[Records provided — start]

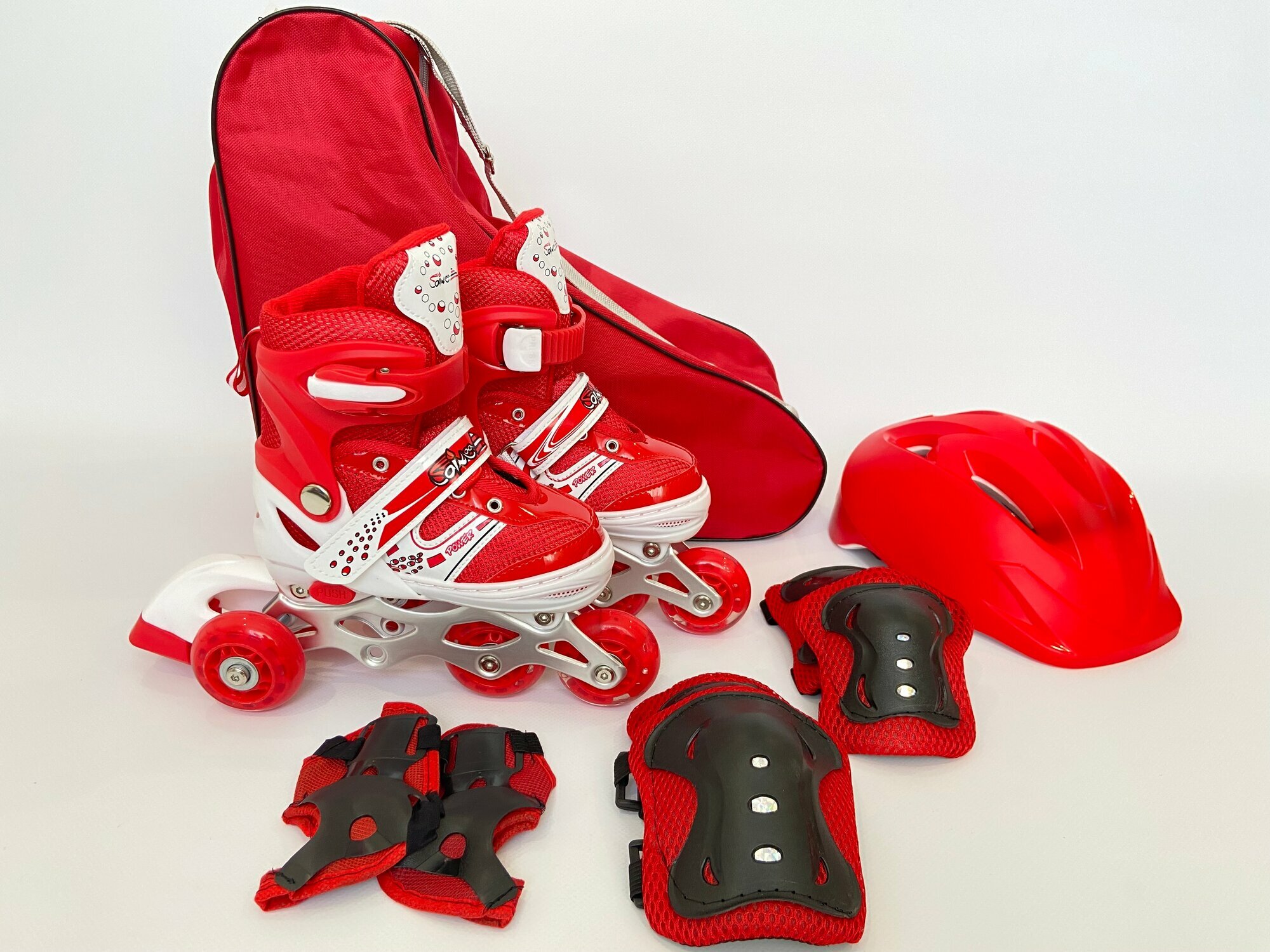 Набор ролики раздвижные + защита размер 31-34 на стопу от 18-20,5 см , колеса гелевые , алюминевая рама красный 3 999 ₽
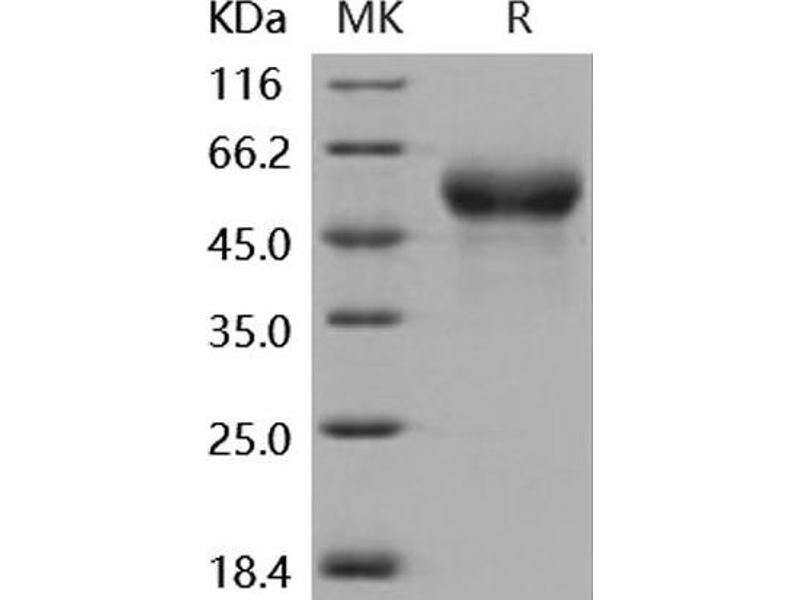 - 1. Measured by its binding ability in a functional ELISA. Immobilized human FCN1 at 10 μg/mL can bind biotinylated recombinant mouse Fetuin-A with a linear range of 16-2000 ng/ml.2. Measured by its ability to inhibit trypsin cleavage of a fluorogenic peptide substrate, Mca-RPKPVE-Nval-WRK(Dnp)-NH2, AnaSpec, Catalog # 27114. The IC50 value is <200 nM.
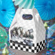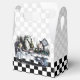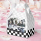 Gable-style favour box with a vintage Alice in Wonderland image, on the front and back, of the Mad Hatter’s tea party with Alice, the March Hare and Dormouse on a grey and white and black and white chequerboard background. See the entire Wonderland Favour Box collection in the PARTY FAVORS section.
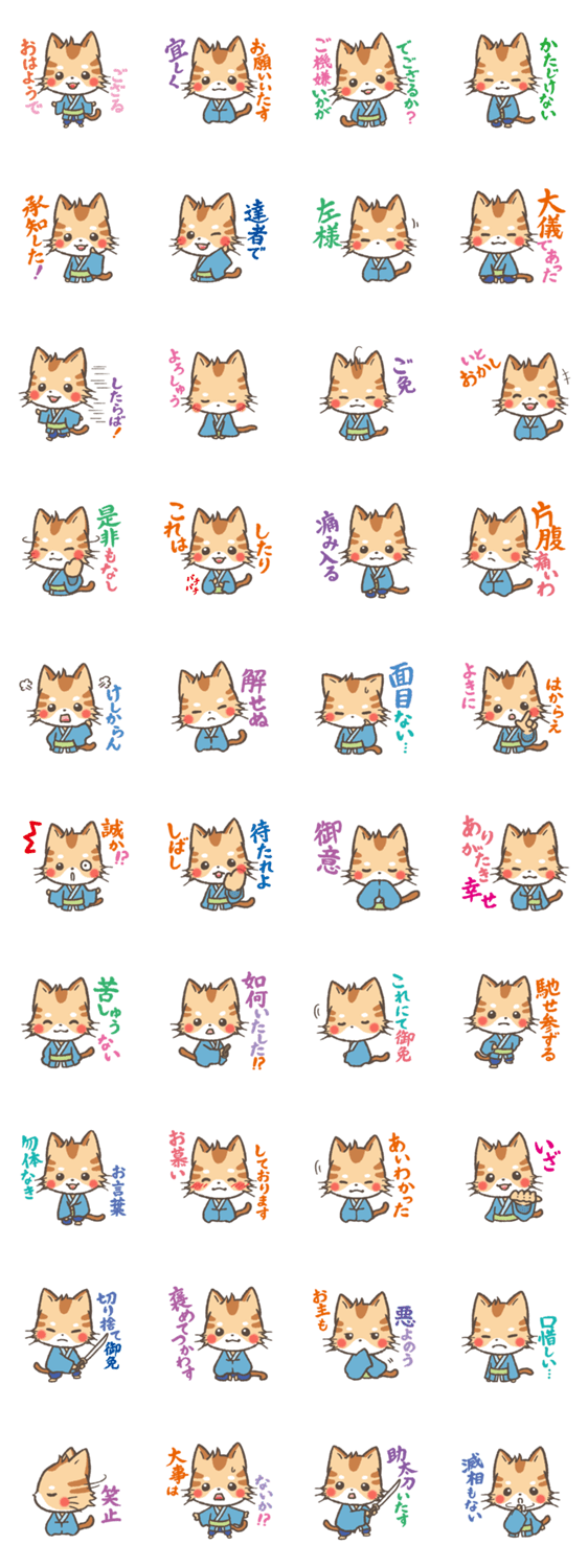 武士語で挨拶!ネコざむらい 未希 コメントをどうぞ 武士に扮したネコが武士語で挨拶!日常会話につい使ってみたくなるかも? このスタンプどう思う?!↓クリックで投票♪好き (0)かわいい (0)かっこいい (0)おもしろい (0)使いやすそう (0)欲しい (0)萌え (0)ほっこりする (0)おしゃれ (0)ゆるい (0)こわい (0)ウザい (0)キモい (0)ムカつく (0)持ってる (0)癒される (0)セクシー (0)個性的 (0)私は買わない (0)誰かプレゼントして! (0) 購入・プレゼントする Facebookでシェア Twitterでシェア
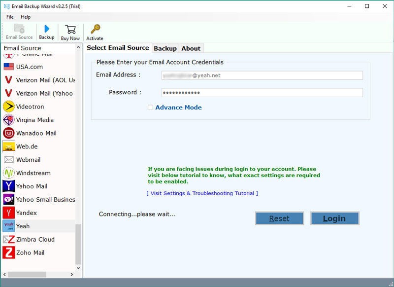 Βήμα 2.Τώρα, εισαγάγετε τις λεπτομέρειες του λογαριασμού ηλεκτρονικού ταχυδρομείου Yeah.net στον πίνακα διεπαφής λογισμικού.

[Records provided — finish]

(Work order):
Restate the records above exactly, less any pictures.

(Exercise response):
 Набор ролики раздвижные + защита размер 31-34 на стопу от 18-20,5 см , колеса гелевые , алюминевая рама красный 3 999 ₽
 - 1. Measured by its binding ability in a functional ELISA. Immobilized human FCN1 at 10 μg/mL can bind biotinylated recombinant mouse Fetuin-A with a linear range of 16-2000 ng/ml.2. Measured by its ability to inhibit trypsin cleavage of a fluorogenic peptide substrate, Mca-RPKPVE-Nval-WRK(Dnp)-NH2, AnaSpec, Catalog # 27114. The IC50 value is <200 nM.
 Gable-style favour box with a vintage Alice in Wonderland image, on the front and back, of the Mad Hatter’s tea party with Alice, the March Hare and Dormouse on a grey and white and black and white chequerboard background. See the entire Wonderland Favour Box collection in the PARTY FAVORS section.
 武士語で挨拶!ネコざむらい 未希 コメントをどうぞ 武士に扮したネコが武士語で挨拶!日常会話につい使ってみたくなるかも? このスタンプどう思う?!↓クリックで投票♪好き (0)かわいい (0)かっこいい (0)おもしろい (0)使いやすそう (0)欲しい (0)萌え (0)ほっこりする (0)おしゃれ (0)ゆるい (0)こわい (0)ウザい (0)キモい (0)ムカつく (0)持ってる (0)癒される (0)セクシー (0)個性的 (0)私は買わない (0)誰かプレゼントして! (0) 購入・プレゼントする Facebookでシェア Twitterでシェア
 Βήμα 2.Τώρα, εισαγάγετε τις λεπτομέρειες του λογαριασμού ηλεκτρονικού ταχυδρομείου Yeah.net στον πίνακα διεπαφής λογισμικού.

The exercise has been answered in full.